The Christian imagination is being refreshed.

We have lived for too long with The Arts as the pretty bit around the edge with the reality as the non-artistic thing in the middle. But genuine art, I believe, takes seriously the fact that the world is full of the glory of God, and that it will be full as the waters cover the sea, and at present, (Romans chapter 8) it is groaning in travail. Genuine art responds to that triple awareness of what is true - the beauty that is there - of what will be true - the ultimate beauty - and of the pain of the present; and holds them together in tension, as the Psalms do, and asks 'why?' and 'what?' and 'where are we?' And you can do that in music and you can do that in dance and you can do that in painting. And our generation needs to do that, not simply to decorate the gospel but to announce the gospel. Because again and again, when you can do that, you open up hermeneutic space for people whose minds were so closed by secularism that they just literally cannot imagine any other way of the world being.
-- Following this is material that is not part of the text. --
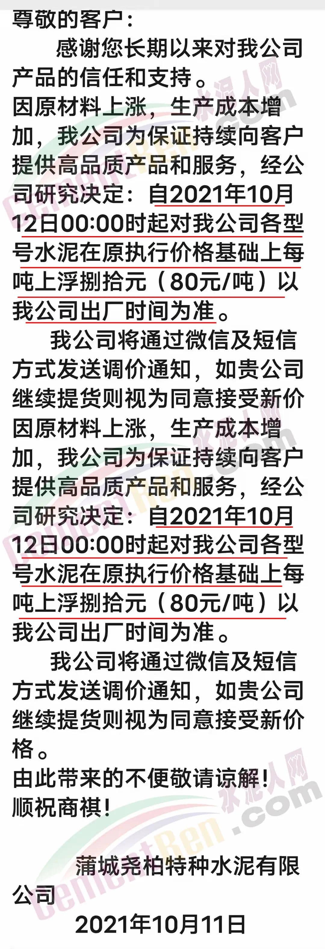蒲城堯柏特種水泥有限公司通知,因原材料上漲,生產(chǎn)成本增加,公司為保證持續(xù)向客戶提供高品質(zhì)產(chǎn)品和服務(wù),經(jīng)公司研究決定,自2021年10月12日0時(shí)起對(duì)公司各型號(hào)水泥在原執(zhí)行價(jià)格基礎(chǔ)上上浮80元/噸。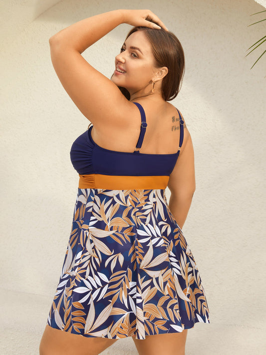 Tropical Flower Color Block Swim Dress

I have debated in public in America with colleagues in the New Testament Guild who refuse to believe in the bodily resurrection. And again and again the bottom line is when they say, 'I just can't imagine that.' The answer is, smarten up your imagination. And the way to do that is not to beat them over the head with dogma, but so to create a world of mystery and beauty and possibility that actually there are some pieces of music that when you come out of them it is much easier to say 'I believe in the Father and in the Son and in the Holy Spirit' than when you went in!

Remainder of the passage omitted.